How do we add two distances together? We give them the same starting point, find the point midway between their terminal points, that is to say, the harmonic conjugate of infinity with regard to their terminal points, and then find the harmonic conjugate of the initial point with regard to this mid-point and infinity. Generalizing this, if we wish to add throws (CA,BD) and (CA,BD' ), we find M the harmonic conjugate of C with regard to D and D' , and then S the harmonic conjugate of A with regard to C and M :
$(CA,BD) + (CA,BD') = (CA,BS) .\$
In the same way we may find a definition of the product of two throws.
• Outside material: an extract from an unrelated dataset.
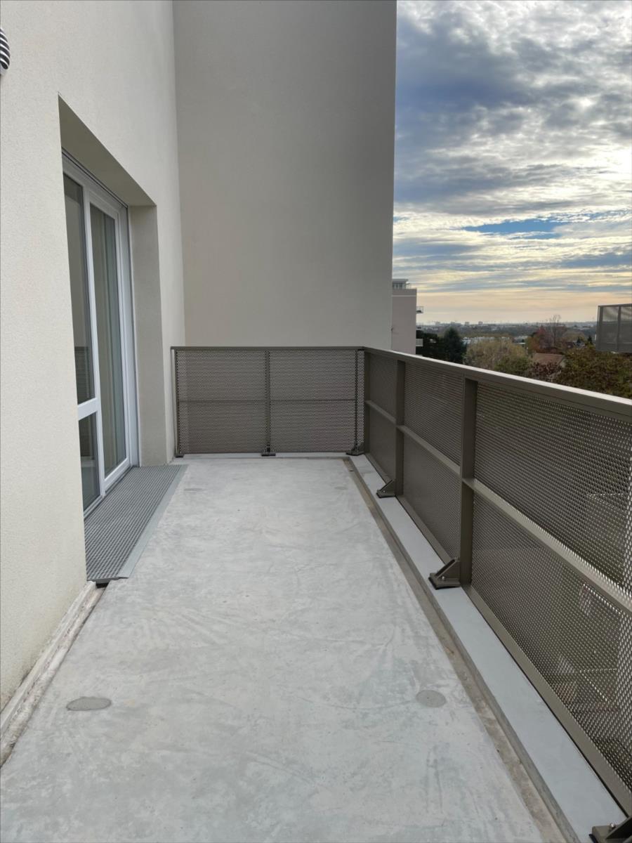 Dans résidence neuve, bel appartement de 72,23 m² situé au 5ème et dernier étage avec ascenseur, exposé Sud-Ouest avec vue dégagéeIl comprend une belle pièce de vie de 34,49 m² incluant la cuisine avec accès sur balcon-terrasse de 20,80 m², deux chambres, salle d'eau, wc, cellier.Place de stationnement privative en sous-sol avec cave.Huisseries PVC double vitrage avec volets roulants électriquesChauffage individuel gaz
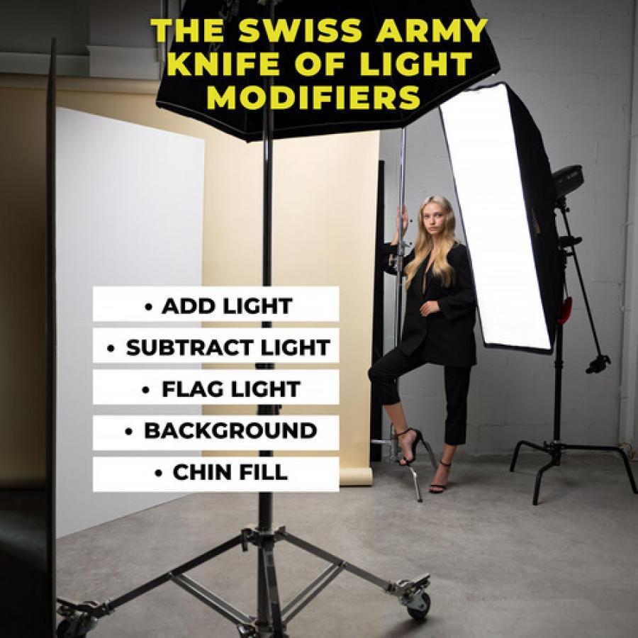 De Foldable V-Flat 2.0 is dubbelzijdig in klassiek wit en zwart en is meer dan alleen een plaat schuimkern. Het dient als een veelzijdig hulpmiddel dat licht eenvoudig reflecteert, aftrekt en blokkeert. Perfect voor het markeren van licht en het creëren van uitgeblazen witte achtergronden, het transformeert elke opstelling. Wanneer het niet als lichtmodifier fungeert, gaat het naadloos over in een set-element, dat fungeert als achtergrond of zelfs een draagbare kleedkamer voor modellen.

As the product of two numbers bears the same ratio to one of them as the other bears to unity, the ratio of two numbers is the cross ratio which they as a pair bear to infinity and zero, so Von Staudt, in the previous notation, defines the product of two throws by
$(CA,BD) \cdot (CA,DD') = (CA,BD').$
These definitions involve a long series of steps to show that the algebra so defined obeys the usual commutative, associative, and distributive laws, and that there are no divisors of zero.

A summary statement is given by Veblen & Young[6] as Theorem 10: "The set of points on a line, with $P_\infin$ removed, forms a field with respect to the operations previously defined". As Freudenthal notes[7]

...up to Hilbert, there is no other example for such a direct derivation of the algebraic laws from geometric axioms as found in von Staudt's Beiträge.

Another affirmation of von Staudt's work with the harmonic conjugates comes in the form of a theorem:

The only one-to-one correspondence between the real points on a line which preserves the harmonic relation between four points is a non-singular projectivity.[8]